▶ [What is being asked]:
A single stretch of the material below is to be transcribed exactly, starting at the line with "Kaad mangia curry uses mangoes and jaggery" and ending after the line with "Pandi has come".

▶ [Dataset entries]:
/---
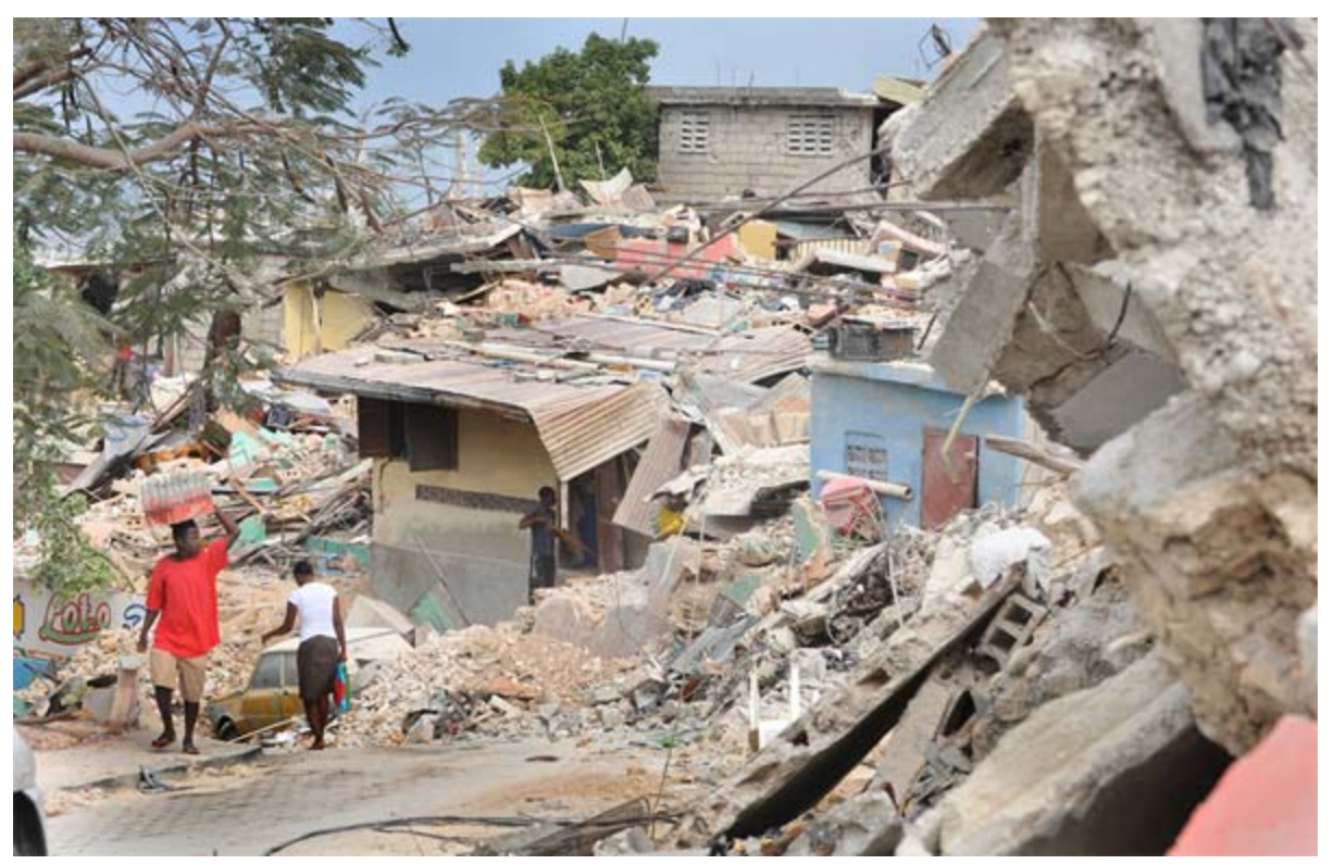
Port-au-Prince, Haiti, homes destroyed by the January 2010 earthquake in which 222,570 people were killed, 300,000 injured and 1.3 million displaced. An estimated 97,924 houses were destroyed and 188,383 damaged in Port-au-Prince

Instead, Osorio used the funds to live an extravagant lifestyle and pay for illegal business schemes.
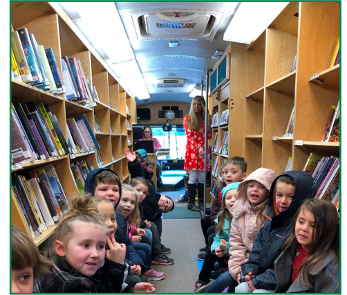
Kids really love hanging out on the bookmobile!
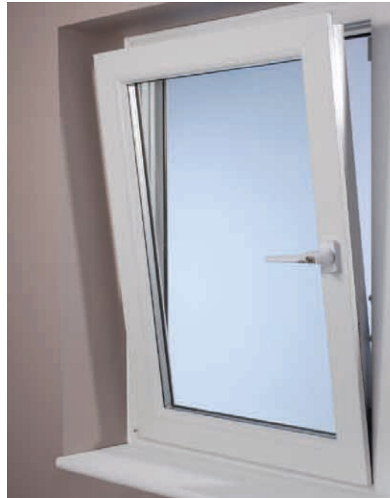
Tilt position for ventilation
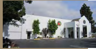
GARDEN GROVE, CA
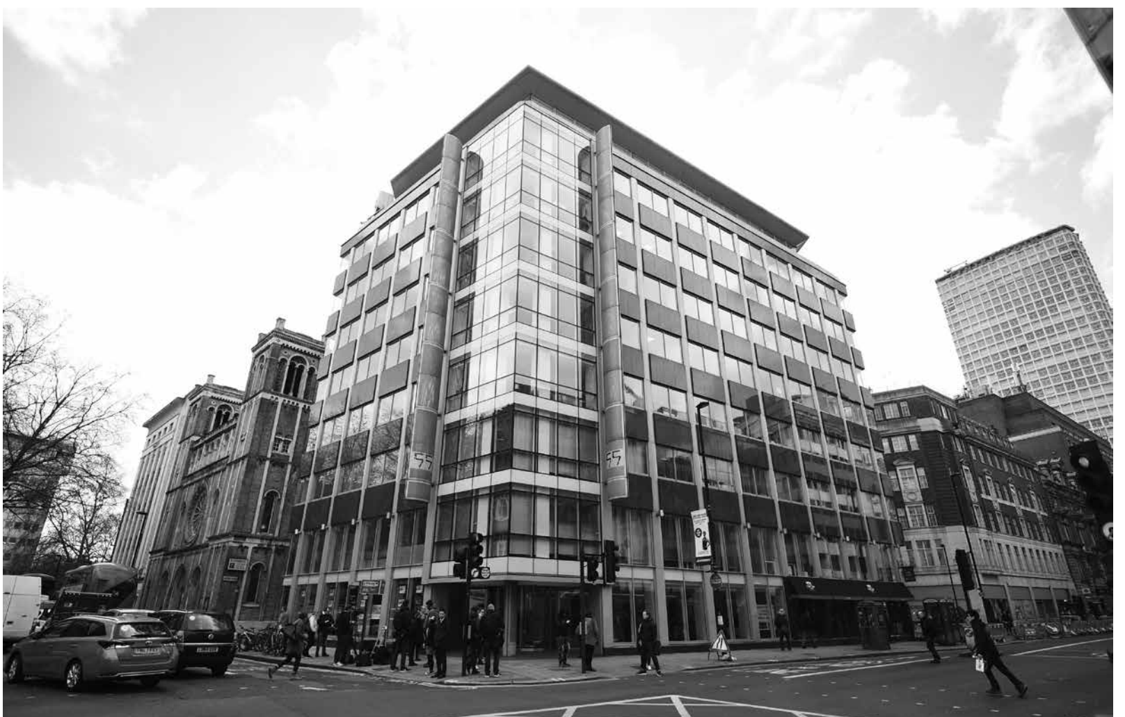
The offices of Cambridge Analytica (CA) in central London

cials "have been misleading to the committee."
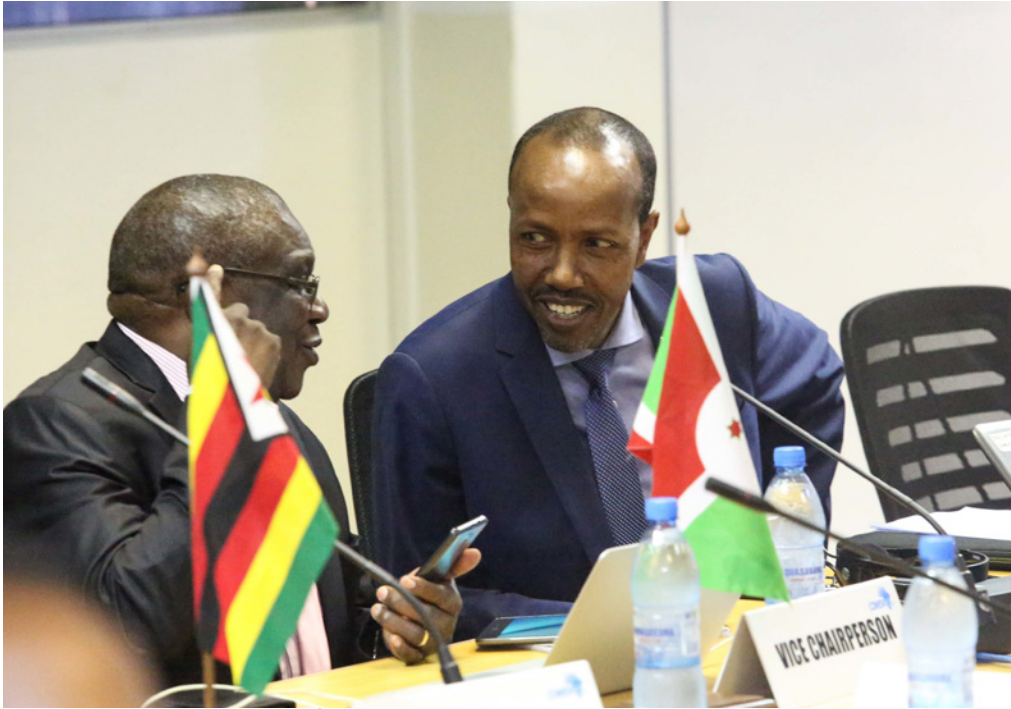
File Photo: Participants at a past symposium of Central Bank Governors
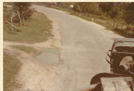
Roadway.JPG | "Paved road, blacktop, that was the approach to the suburbs of Tay Ninh city, and we all breathed a sigh of relief when we got to that point, that meant we were safe." (Thanks to Tom Petro for the recollections.) (976x672)
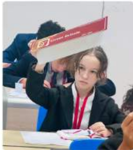
Yale Model United Nations Singapore 2026 13th & 15th Mar 2026
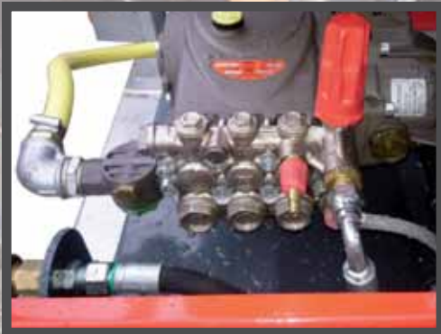
HIGH QUALITY TRIPLE PISTON PUMP WITH THERMAL PROTECTION & INLET STRAINER
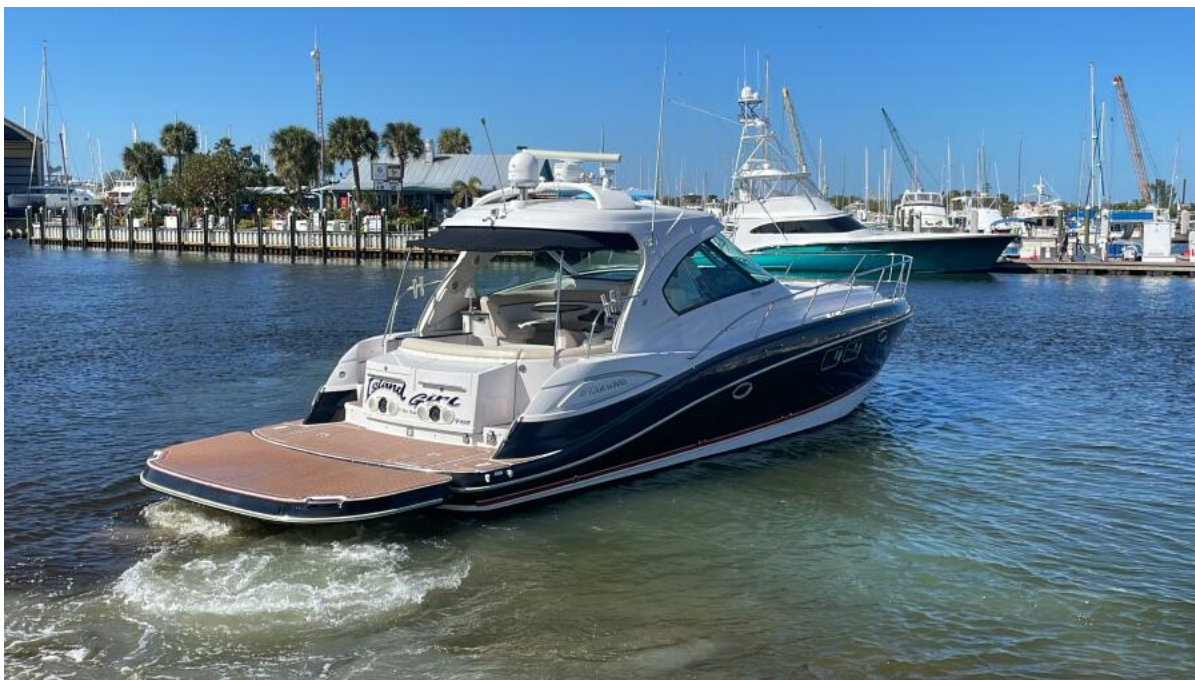
2008 50 Four Winns V458 'Island Girl'
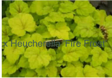
x Heucherella 'Fire Frost'
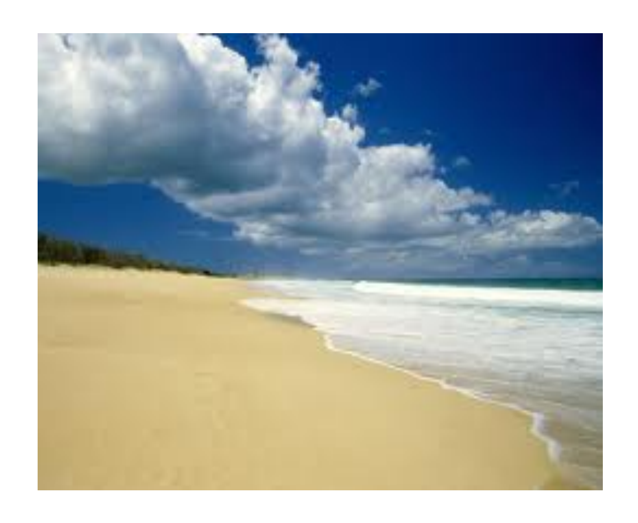
Animals that live on land and in the water
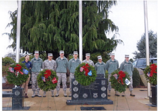
University of Washington Air Force ROTC Cadets
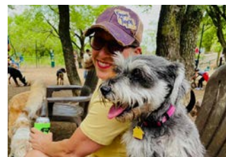
Hanging out at the dog park.
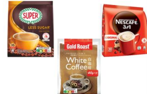
Coffee 3 in 1 packs
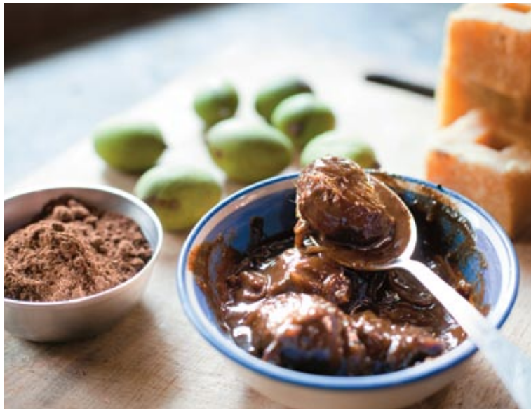
Kaad mangia curry uses mangoes and jaggery

Pandi has come to represent the specialness of Kodava cuisine—not only because it is one of those rare South Indian pork dishes but also for its unique taste. Pandi is tantalising partly because the dry spices used in it—pepper, coriander and cumin among them—are roasted before they are ground, giving the gravy a deliciously toasty flavour. The other
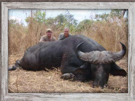
Eastern Savannah Buffalo
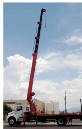
Boom Length 82 ft. - Retracted 25 ft.
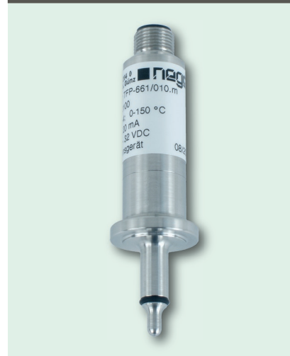
Fig. 4: Temperature sensor TFP-661 for PHARMadapt EPA

tion certificate 3.1 as per EN 10204 is available. To achieve optimal measuring results, the build-in pipes are available in lengths that match the respective nominal pipe diameters.
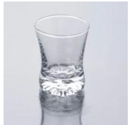
unique design whisky glass cup
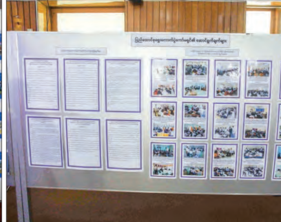
The local and foreign media personnel record the panel boards displaying photos and documents at the 17th press conference yesterday.
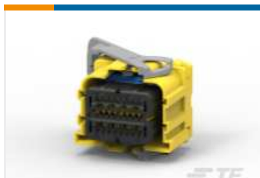
TE Part #2203516-9 PLUG ASY,24P,SDM30,LHL,KEY A
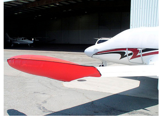
Eclipse Tip Tank Cover
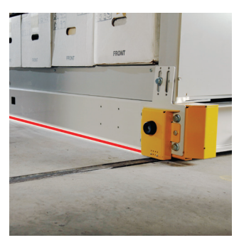
Photo Sweeps are standard safety equipment on all XTend Mobile High-Bay Storage Systems.

High on space efficiency, simplicity and safety, an XTend Mobile High-Bay Storage System from Spacesaver may well be your best choice for off-site storage compared to other available options.
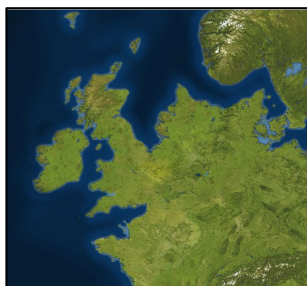
Ancient Britain was part of a huge landmass called Doggerland until 12,000 BCE.
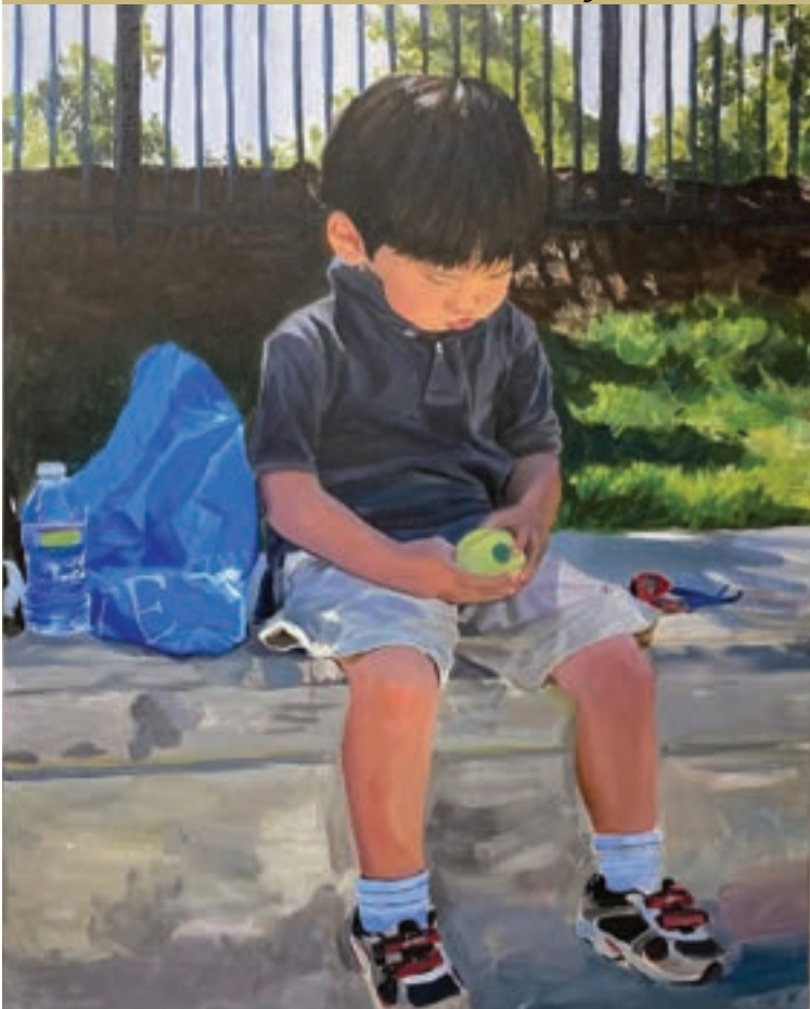
Artwork by Edward Zhu

Incoming students who have prior art experience and wish to enroll in the Visual Arts Program may present a portfolio to determine course placement (see the Arts website for additional details). No prior experience? No problem! Sign up for the Visual Arts - Beginning course.
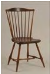
Lot #485: American Windsor Comb-Back Side Chair
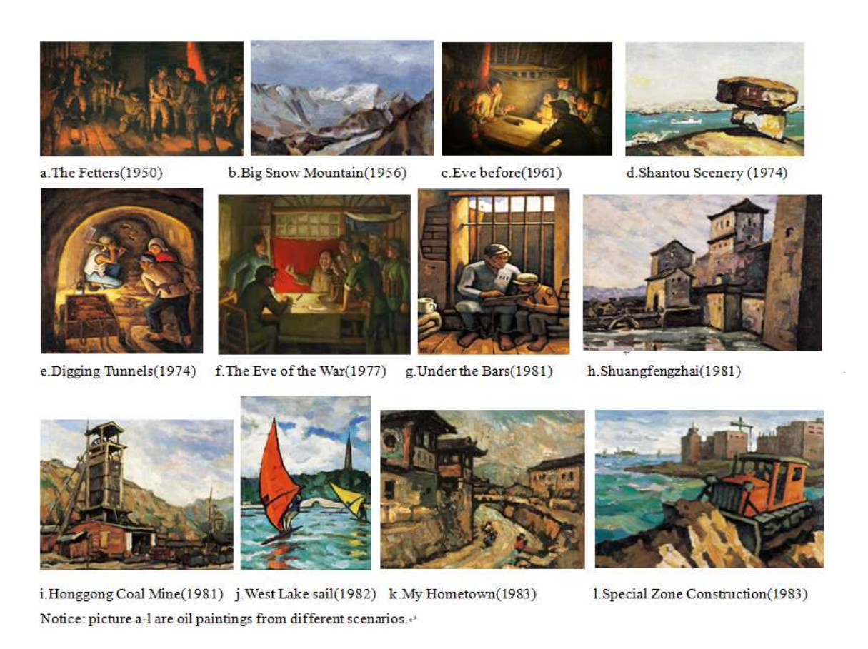
Figure 4 Hu Yichun's oil printings

Bunker" "Night Attack" "Lugou Bridge Battle" "Changle Village Battle" "Destruction of Traffic" and "Snatch" in 1939; "Military-civilian Cooperation", "Persist in the War of Resistance Against Surrender", and "Ten Tasks" in 1940; the created mimeograph and color woodcuts "Digging a Hole" and "Bombing" in 1942; "Niu Ju Changed Workers Team" and "No Enemy Allowed to Pass" in 1943; the chromatic woodcuts "Trench Digging" "Return of Victory" in 1944; chromatic woodcuts "Digging a Hole" and "Siege" and created a large-scale propaganda poster "Building a Democratic and Prosperous Zhangjiakou" in 1946 (Figure 3, Table 2).
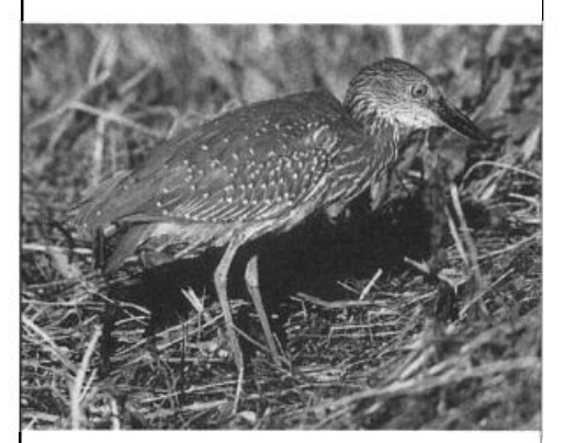
Juvenile Yellow-crowned Night-Heron near Point Mugu, Ventura County, California. September 4, 1995.

An imm. Tricolored Heron at the Tijuana R. estuary near Imperial Beach, San Diego, Nov. 3 (GLR) was the only one reported. A imm. Reddish Egret in Anaheim, Orange, Oct. 10-28 (DLP) was a few miles inland, and an adult at the Tijuana R. estuary Oct. 7-Nov. 26 (TRC, EM) was the same individual with a
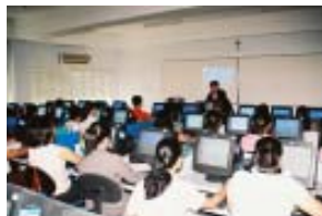
Participants are guided through the virtual lab and computer exercises.
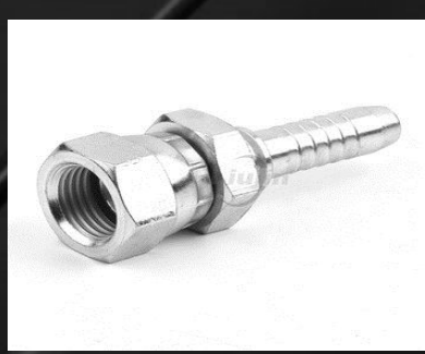
METRIC DIN ST
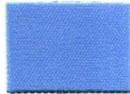
0.125 % o.w.f.
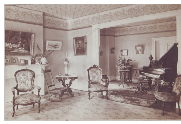
The Brick Tavern Parlor, circa 1900.

on hand to discuss his NYSCA grant-funded project of Schuyler County "then and
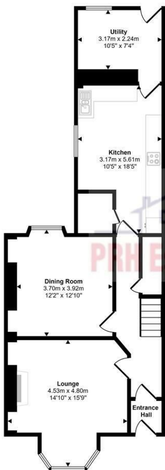
Ground Floor Approx 74 sq m / 795 sq ft

Approx Gross Internal Area 170 sq m / 1831 sq ft
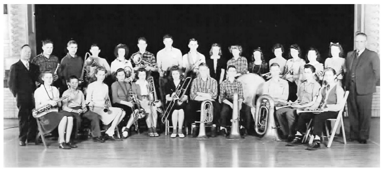
Byesville Band, 1943

There was also a Byesville Junior Band, though no further details about it are known, other than this photograph.
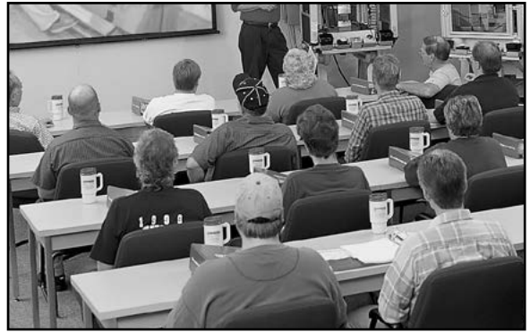
Training center at Rockford Systems, LLC

To register for one of our seminars, please call, fax, e-mail, or visit us online to request our seminar catalog or to obtain further details.
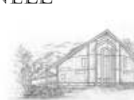
ST PETER'S ONEROA WAIHEKE ISLAND
\---
▶ [Result of the task]:
Kaad mangia curry uses mangoes and jaggery

Pandi has come to represent the specialness of Kodava cuisine—not only because it is one of those rare South Indian pork dishes but also for its unique taste. Pandi is tantalising partly because the dry spices used in it—pepper, coriander and cumin among them—are roasted before they are ground, giving the gravy a deliciously toasty flavour. The other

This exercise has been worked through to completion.